The company, which in January made Kenya its Africa headquarters, says an opportunity exists in the space as telecom operators and internet service providers look to cut down operation costs in a competitive environment.

Nokia Siemens Head of Africa Dimitri Diliani said on Tuesday that with players in the sector rapidly expanding their infrastructure, the firm will be positioning its self to tap into the investments being made.

“Managed infrastructure today is core business in terms of revenue streams and we are working more on opportunities as all operators are looking to outsource their networks and offloading towers to third parties,” Mr Diliani said.

Its clients in Kenya are Safaricom and Airtel with Mr Diliani saying they are involved in rolling out 2G and 3G networks for both operators.

“We are extremely significant in Kenya in terms of deployment with both of the operators we have here,” Mr Diliani said.

Nokia Siemens Networks has already signed up a contract with Bharti Airtel for its for network management and optimisation across East Africa.

With regulatory pressure to lower costs and expand services beyond urban areas, operators in Kenya have been forced to come up with innovative cost cutting measure to meet these challenges.

In June, Safaricom and Telkom Kenya announced plans to form a jointly owned tower management company. Details released indicate that the new tower company will operate on a separate Network Facilities Provider (NFP) license from the Communications Commission of Kenya in order to allow it operate on an open access model.

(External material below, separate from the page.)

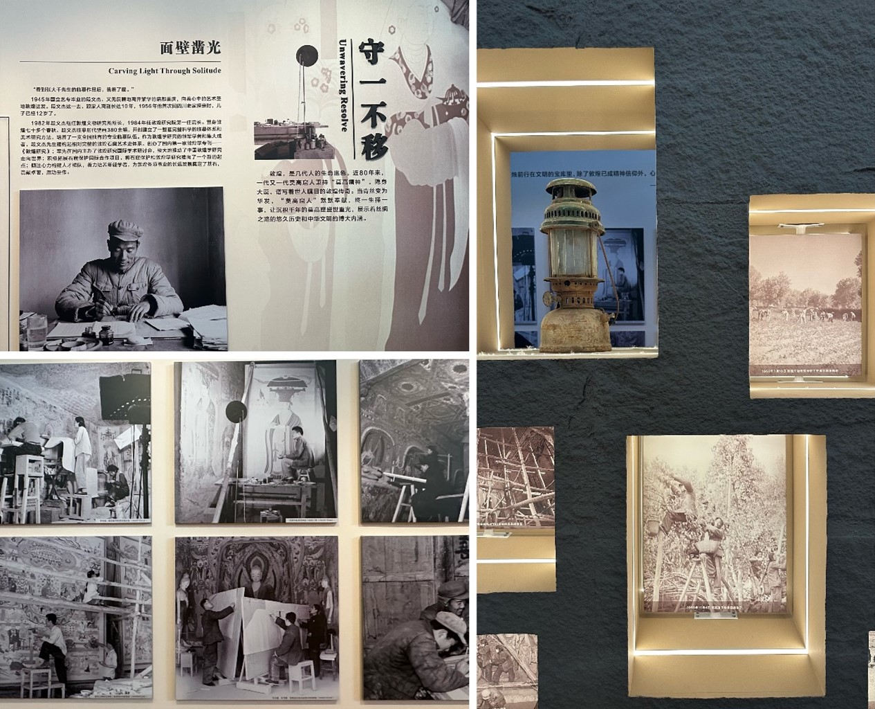 步入展厅,珍贵的历史文献、老照片及视频影像映入眼帘。常书鸿先生在艰苦环境下使用的简陋工具,段文杰先生密密麻麻的研究手稿,都诉说着他们为敦煌事业的无私付出。在极端恶劣的自然条件下,他们克服物资匮乏、交通不便等重重困难,以坚定的信念和顽强的毅力,让莫高窟在新时代焕发新生机。这些都诠释着“坚守大漠、甘于奉献、勇于担当、开拓进取”的“莫高精神”。
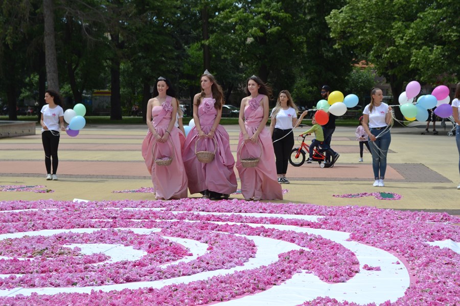 Поздравиха казанлъчани с пано от 72 хиляди розови цвята

Mr Dilliani said that competition would be stiff in the market but said the company had an edge in offering solutions to problems like energy costs and power generation in remote areas.

“We have competence in areas such as providing security, managing the diesel generators and also deploying green energy solutions to the sites because that’s the only way we can lower costs of operating networks,” he said.

Mr Diliani said 15 percent to 30 percent of operational expenditure for telecom operators is spent on energy. With competition putting pressure on voice revenues and ultimately average revenue per user for operators NSN would be active in offering its managed services.

Nokia Siemens Networks will however have to contend with Chinese firms such as Huawei and ZTE who have been in the market longer and have already signed a number of deals especially in supply of network equipment.